Nicholas Tides, et al v. The Boeing Company
Plaintiffs, working as auditors in The Boeing Company's ("Boeing") IT Sarbanes-Oxley ("SOX") Audit group, filed SOX whistleblower complaints under the Sarbanes-Oxley Act, U.S.C. 1514(a)(1), with the Occupation Safety and Health Administration after they were terminated by Boeing when they spoke with a reporter from the Seattle Post-Intelligencer ("Post-Intelligencer") about Boeing's compliance with SOX. At issue was whether plaintiffs' disclosures to the Post-Intelligencer were protected under section 1514(a)(1), which protected employees of publicly-traded companies who disclose certain types of information. The court held that section 1514(a)(1) did not protect employees of publicly-held companies from retaliation when they disclosed information regarding designated types of fraud or securities violations to members of the media.
Bessemer Trust Company, N.A. v. Francis S. Branin, Jr.

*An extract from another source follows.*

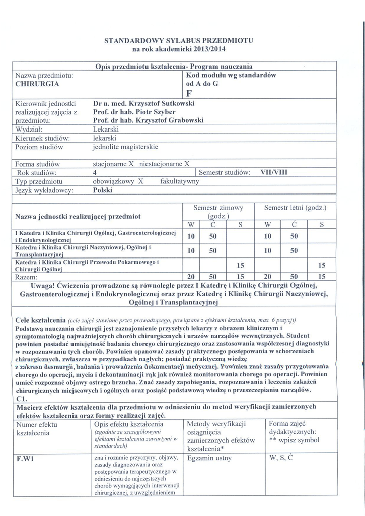 Wykłady - Semestr zimowy Tematyka wykładów (20 godzin) Imię i nazwisko osoby prowadzącej zajęcia Chirurgia przewodu pokarmowego schorzenia żołądka i dwunastnicy. Dr Piotr Czopnik Ostre schorzenia jamy brzusznej cz. I Dr Krzysztof Sutkowski Chirurgia bariatryczna Dr Krzysztof Sutkowski Wykład 4. Chirurgia przewodu pokarmowego – schorzenia trzustki. Dr Piotr Czopnik Wykład 5. Chirurgia endokrynologiczna- schorzenia tarczycy, przytarczyc i nadnerczy Dr Beata Wojtczak Wykład 1. Wykład 2. Wykład 3. Wykład 6. Wykład 7. Wykład 8. Wykład 9. Wykład 10. Współczesne osiągnięcia chirurgii Prof. dr hab. Piotr Szyber Rola chirurga w praktyce lekarza rodzinnego. Chirurgia wątroby. Chirurgia ambulatoryjna. Chirurgia małoinwazyjna, wideochirurgia, chirurgia kosmetyczna. Dawstwo narządów. Organizacja przeszczepów nerek i wątroby. Prof. dr hab. Piotr Szyber Prof. dr hab. Piotr Szyber Prof. dr hab. Andrzej Dorobisz Dr Paweł Chudoba Wykłady - Semestr letni Tematyka wykładów(20 godzin) Wykład 1. Wykład 2. Wykład 3. Wykład 4. Imię i nazwisko osoby prowadzącej zajęcia Guzy neuroendokrynne. Dr n. med. Krzysztof Kaliszewski Chirurgia przewodu pokarmowego – schorzenia pęcherzyka i dróg żółciowych. Dr Krzysztof Sutkowski Schorzenia odbytnicy i odbytu Dr Piotr Czopnik Chirurgia przewodu pokarmowego – schorzenia jelita grubego. Dr Piotr Czopnik Wykład 5. Wykład 6. Wykład 7. Wykład 8. Wykład 9. Wykład 10. Przepukliny brzuszne. Dr n. med. Paweł Domosławski Obrzęki limfatyczne kończyn dolnych. Prof. dr hab. Piotr Szyber Przewlekłe i ostre niedokrwienia narządów, tętniaki aorty brzusznej, chirurgia tętnic dogłowowych. Prof. dr hab. Andrzej Dorobisz Transplantacje i dawstwo narządów. Dr Paweł Chudoba Zakażenia w chirurgii naczyniowej. Dr hab. Jan Skóra, prof. nadzw. Choroba żylakowa kończyn dolnych. Dr hab. Jan Skóra, prof. nadzw. Ćwiczenia - Semestr zimowy Tematyka ćwiczeń (50 godzin) Ćwiczenie 1. Organizacja oddziału chirurgicznego. Zakażenia w chirurgii. Zasady antybiotykoterapii. Aseptyka. Antyseptyka. Przygotowanie chirurga do zabiegu operacyjnego /chirurgiczne mycie rąk, mycie pola operacyjnego, ubieranie chirurga w odzież ochroną/ Omówienie niektórych praw Imię i nazwisko osoby prowadzącej zajęcia Wszyscy pracownicy I Katedry i Kliniki Chirurgii Ogólnej, Gastroenterologicznej i Endokrynologicznej oraz Katedry i Kliniki Chirurgii Naczyniowej, Ogólnej i obowiązków pacjenta w klinice chirurgicznej /zgoda na zabieg operacyjny i badania diagnostyczne, udzielanie informacji o stanie zdrowia/. Badanie podmiotowe i i Transplantacyjnej. przedmiotowe chorego. Historia choroby. Ćwiczenie 2. Narzędzia chirurgiczne. Technika wiązania nici chirurgicznych. Rodzaje szwów chirurgicznych. Szew mechaniczny tkanek. Protezy naczyniowe i inne biomateriały. Mianownictwo chirurgiczne. Dostępy operacyjne w Chirurgii naczyniowej, ogólnej i transplantacyjnej. Badanie podmiotowe i przedmiotowe chorego. Historia choroby. Wszyscy pracownicy I Katedry i Kliniki Chirurgii Ogólnej, Gastroenterologicznej i Endokrynologicznej oraz Katedry i Kliniki Chirurgii Naczyniowej, Ogólnej i Transplantacyjnej. Technika zakładania opasek chirurgicznych /desmurgia/. Złamania, zwichnięcia, skręcenia. Postępowanie w urazach wielonarządowych z uwzględnieniem uszkodzeń naczyń. Powikłania naczyniowe Ćwiczenie 3. w urazach układu kostnego. Pierwsza pomoc Wszyscy pracownicy I Katedry i Kliniki Chirurgii Ogólnej, Gastroenterologicznej do szpitala. Badanie podmiotowe i Endokrynologicznej oraz Katedry i Kliniki Chirurgii Naczyniowej, Ogólnej i przedmiotowe chorego. Historia choroby. i Transplantacyjnej. na miejscu wypadku. Transport chorego Wszyscy pracownicy I Katedry i Kliniki Chirurgii Ogólnej, Gastroenterologicznej Ćwiczenie 4. Wstrząs w chirurgii. Ocena przytomności chorego /skala Glasgow/ Krwotoki, oparzenia, odmrożenia. Badanie podmiotowe i Endokrynologicznej oraz Katedry i Kliniki i przedmiotowe chorego. Historia choroby. Chirurgii Naczyniowej, Ogólnej i Transplantacyjnej. Wszyscy pracownicy Ćwiczenie 5. Rany. Rodzaje ran. Sposoby gojenia ran. Chirurgiczne opracowanie rany. Zakażenia ogólne i miejscowe chorych chirurgicznych /sepsa, zastrzał, zanokcica, ropień, ropowica, ropniak/. Badanie podmiotowe i przedmiotowe chorego. Historia choroby. I Katedry i Kliniki Chirurgii Ogólnej, Gastroenterologicznej i Endokrynologicznej oraz Katedry i Kliniki Chirurgii Naczyniowej, Ogólnej i Transplantacyjnej. Wszyscy pracownicy Ćwiczenie 6. Zakażenia przyranne /tężec, zgorzel gazowa, róża/ badanie podmiotowe i przedmiotowe chorego. Historia choroby. I Katedry i Kliniki Chirurgii Ogólnej, Gastroenterologicznej i Endokrynologicznej oraz Katedry i Kliniki Chirurgii Naczyniowej, Ogólnej i Transplantacyjnej. Wszyscy pracownicy Podstawy zaburzeń patofizjologicznych Ćwiczenie 7. w leczeniu chirurgicznym. Gospodarka wodno – elektrolitowa. Bilans wodny. Zaburzenia gospodarki kwasowo – zasadowej. Badanie podmiotowe i przedmiotowe chorego. Historia choroby. I Katedry i Kliniki Chirurgii Ogólnej, Gastroenterologicznej i Endokrynologicznej oraz Katedry i Kliniki Chirurgii Naczyniowej, Ogólnej i Transplantacyjnej. Wszyscy pracownicy Ćwiczenie 8. Zasady przetaczania krwi, preparatów krwiopochodnych i krwiozastępczych. Zaburzenia krzepnięcia u chorych chirurgicznych. Pobranie i transplantacja narządów. Organizacja Poltransplant. Badanie podmiotowe i przedmiotowe chorego. Historia choroby. I Katedry i Kliniki Chirurgii Ogólnej, Gastroenterologicznej i Endokrynologicznej oraz Katedry i Kliniki Chirurgii Naczyniowej, Ogólnej i Transplantacyjnej. Wszyscy pracownicy Zasady i sposoby odżywiania chorych chirurgicznych – pozajelitowe Ćwiczenie 9. i dojelitowe, hyperalimentacja /pokaz dostępnych preparatów/. Badanie podmiotowe i przedmiotowe chorego. Historia choroby. I Katedry i Kliniki Chirurgii Ogólnej, Gastroenterologicznej i Endokrynologiczn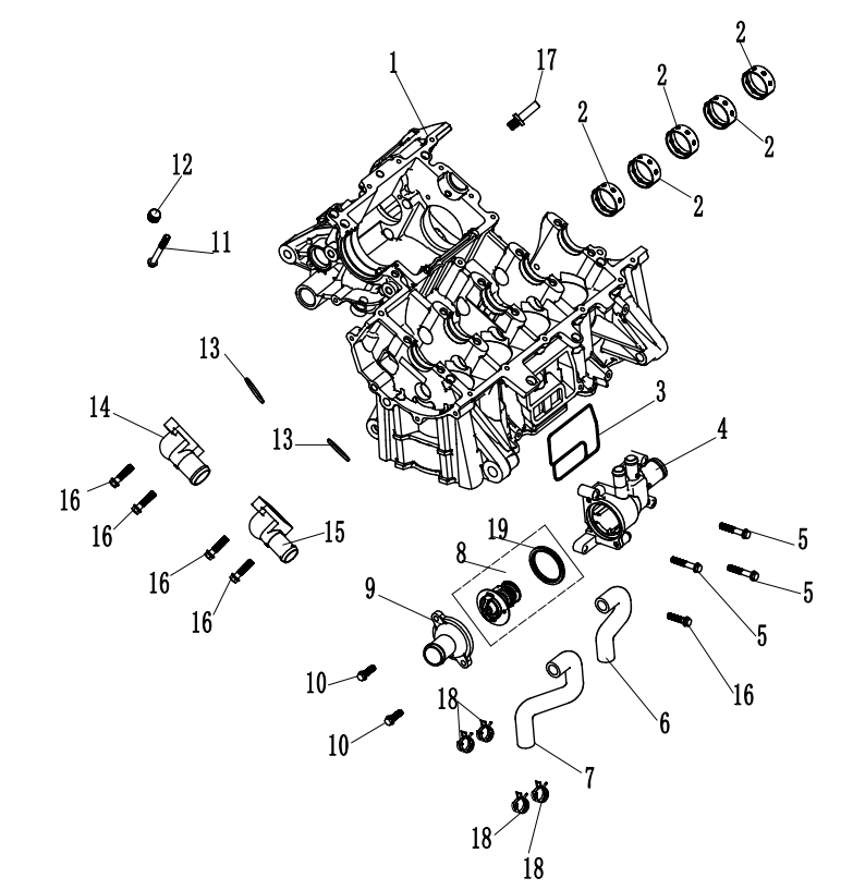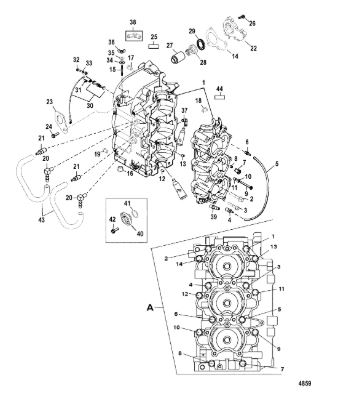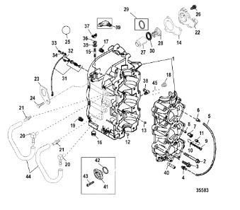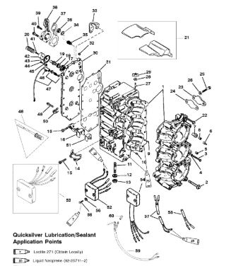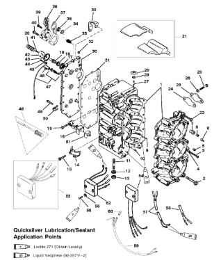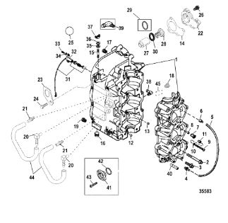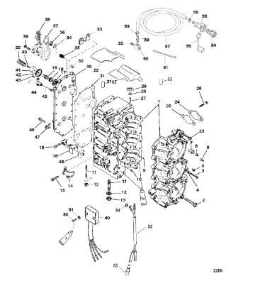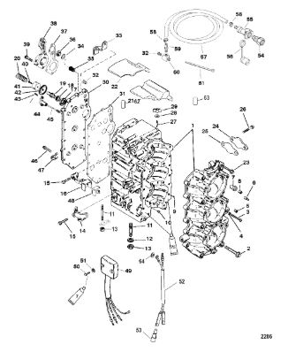 Блок цилиндров и картер (Часть 2) 2-Х ТАКТНОГО ПЛМ MERCURY 55 Серийный номер от 0G290585 до 0G589999

Plaintiff sued a former employee after a number of the former employee's clients left plaintiff's wealth management and investment advisory firm for the firm that the former employee currently works at. The United States Court of Appeals for the Second Circuit certified the following question for the court: "What degree of participation in a new employer's solicitation of a former employer's client by a voluntary seller of that client's good will constitutes improper solicitation?" In answering the certified question, the court continued to apply its precedents in Von Breman v. MacMonnies and Mohawk Maintenance Co. v. Kessler and held that the "implied covenant" barred a seller of "good will" from improperly soliciting his former clients. The court also held that, while a seller may not contact his former clients directly, he may, "in response to inquiries" made on a former client's own initiative, answer factual questions. The court further held that the circumstances where a client exercising due diligence requested further information, a seller may assist his new employer in the "active development... of a plan" to respond to that client's inquires. Should that plan result in meeting with a client, a seller's "largely passive" role at such a meeting did not constitute improper solicitation in violation of the "implied covenant." As such, a seller or his new employer may then accept the trade of a former client.